Work instructions.
Can you write out every line from the start of the records below through the line containing "Стремянка оцинкованная  изготавливается из", leaving out any pictures?

Information given.

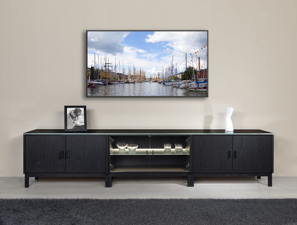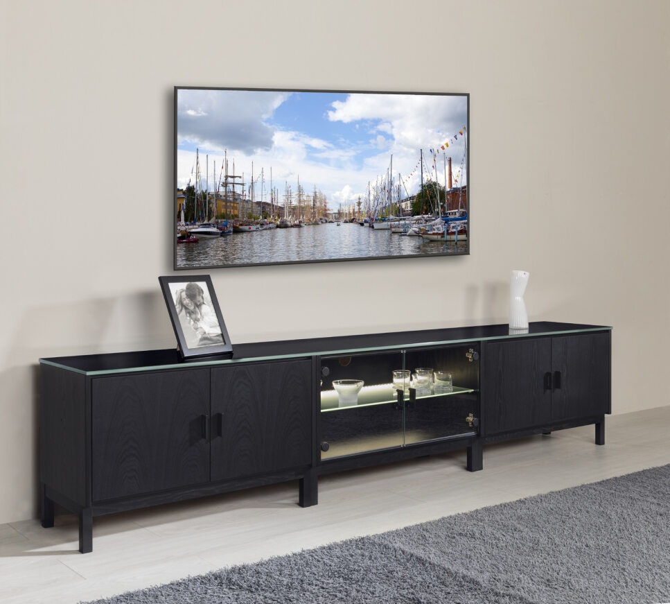 Mediabänken på bilden är i svart ask med glasskiva och dörrar enligt följande kombination:
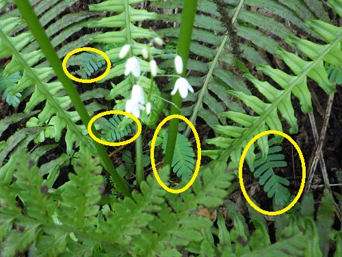この可憐な白い花の群落を見たことがある人はいますか?オサバグサ(ケシ科)は日本の固有種で本州の中部地方以北に分布する1属1種のユニークな植物です。檜枝岐村の帝釈山や台倉高山では登山口付近から生息がみられ、毎年6月には尾瀬檜枝岐温泉観光協会主催の「オサバ草まつり」が開催されます。参加者には記念ピンバッチがプレゼントされ、多い日には数百人が訪れるほどの人気があります。以前より減少傾向にあるという話も聞きますが、この時期登山道を歩けばいくつも見つけることができます。特徴的なのは一緒に生息していることの多いシダ類と葉の形がそっくりなことです。
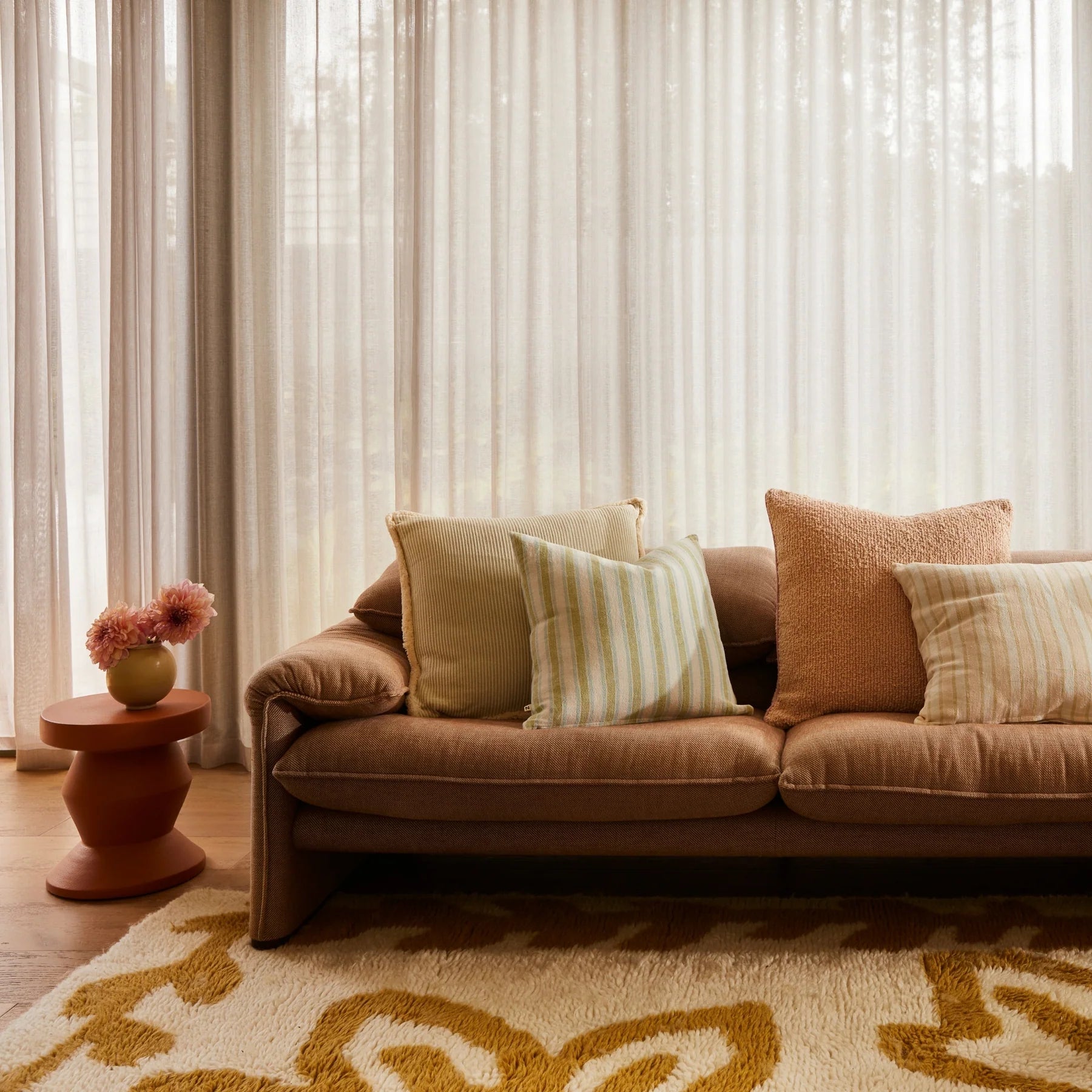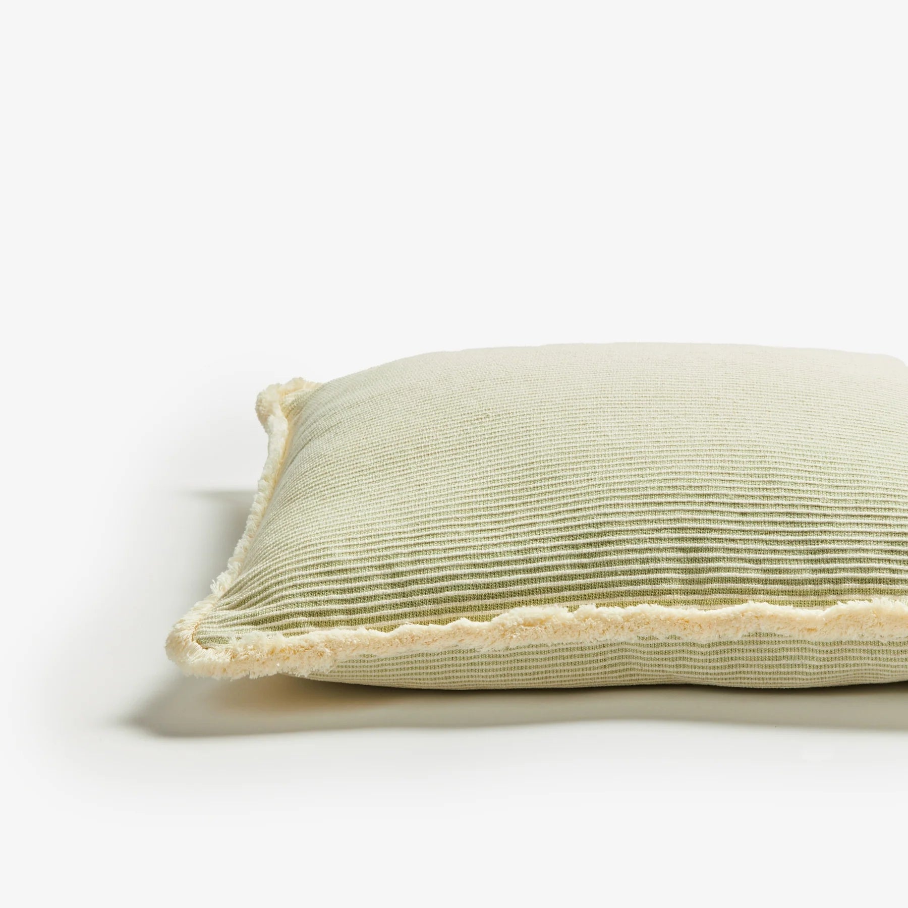 Your new season must-have, our Nile Green Cushion features a raised subtle stripe and thick fluffy cream fringe. The distinctive trim adds a luxurious feel, allowing this green woven cotton cushion to stand out as a focal point or complement rich patterns and vibrant earthy tones on your sofa.
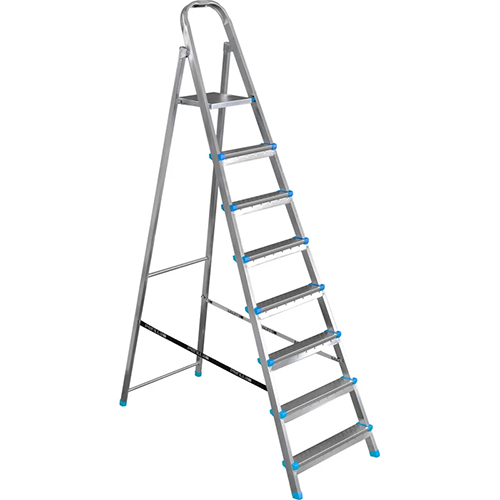 Стремянка оцинкованная  изготавливается из стального прямоугольного профиля с гальваническим покрытием. Имеет широкую рабочую площадку, высокую дугу безопасности с пластиковой полочкой для инструментов. Ступени смонтированы с одной стороны и имеют рельефный профиль, что делает подъем и спуск более безопасным. Данная модель компактна и эргономична, при хранении занимает мало места, проста в использовании, отлично подойдёт, если требуется осуществлять работы на высоте – на стройке, дома, или на даче.
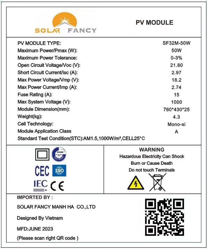 Nếu bạn đang tìm kiếm một giải pháp cung cấp điện năng nhỏ gọn – tiết kiệm – thân thiện môi trường, thì tấm pin mặt trời Villar Solar 50W là lựa chọn đáng cân nhắc. Với thiết kế nhỏ nhưng hiệu quả, sản phẩm đặc biệt phù hợp cho gia đình, dã ngoại, tàu thuyền hay các thiết bị cần nguồn điện độc lập.
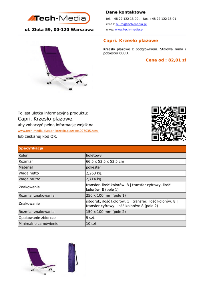 Dane kontaktowe tel. +48 22 122 13 00 , fax. +48 22 122 13 01 email: [email protected] ul. Złota 59, 00-120 Warszawa www: www.tech-media.pl Capri. Krzesło plażowe Krzesło plażowe z podgłówkiem. Stalowa rama i polyester 600D. Cena od : 82,01 zł To jest ulotka informacyjna produktu: Capri. Krzesło plażowe , aby zobaczyć pełną informację wejdź na: www.tech-media.pl/capri,krzeslo,plazowe,027035.html lub zeskanuj kod QR. Specyfikacja Kolor fioletowy Rozmiar 66,5 x 53,5 x 53,5 cm Materiał poliester Waga netto 2,263 kg. Waga brutto 2,714 kg. Znakowanie transfer, ilość kolorów: 8 | transfer cyfrowy, ilość kolorów: 8 (pole 1) Rozmiar znakowania 250 x 100 mm (pole 1) Znakowanie sitodruk, ilość kolorów: 1 | transfer, ilość kolorów: 8 | transfer cyfrowy, ilość kolorów: 8 (pole 2) Rozmiar znakowania 150 x 100 mm (pole 2) Opakowanie zbiorcze 5 szt. Minimalne zamówienie 10 szt.

Answer area.
 Mediabänken på bilden är i svart ask med glasskiva och dörrar enligt följande kombination:
この可憐な白い花の群落を見たことがある人はいますか?オサバグサ(ケシ科)は日本の固有種で本州の中部地方以北に分布する1属1種のユニークな植物です。檜枝岐村の帝釈山や台倉高山では登山口付近から生息がみられ、毎年6月には尾瀬檜枝岐温泉観光協会主催の「オサバ草まつり」が開催されます。参加者には記念ピンバッチがプレゼントされ、多い日には数百人が訪れるほどの人気があります。以前より減少傾向にあるという話も聞きますが、この時期登山道を歩けばいくつも見つけることができます。特徴的なのは一緒に生息していることの多いシダ類と葉の形がそっくりなことです。
 Your new season must-have, our Nile Green Cushion features a raised subtle stripe and thick fluffy cream fringe. The distinctive trim adds a luxurious feel, allowing this green woven cotton cushion to stand out as a focal point or complement rich patterns and vibrant earthy tones on your sofa.
 Стремянка оцинкованная  изготавливается из стального прямоугольного профиля с гальваническим покрытием. Имеет широкую рабочую площадку, высокую дугу безопасности с пластиковой полочкой для инструментов. Ступени смонтированы с одной стороны и имеют рельефный профиль, что делает подъем и спуск более безопасным. Данная модель компактна и эргономична, при хранении занимает мало места, проста в использовании, отлично подойдёт, если требуется осуществлять работы на высоте – на стройке, дома, или на даче.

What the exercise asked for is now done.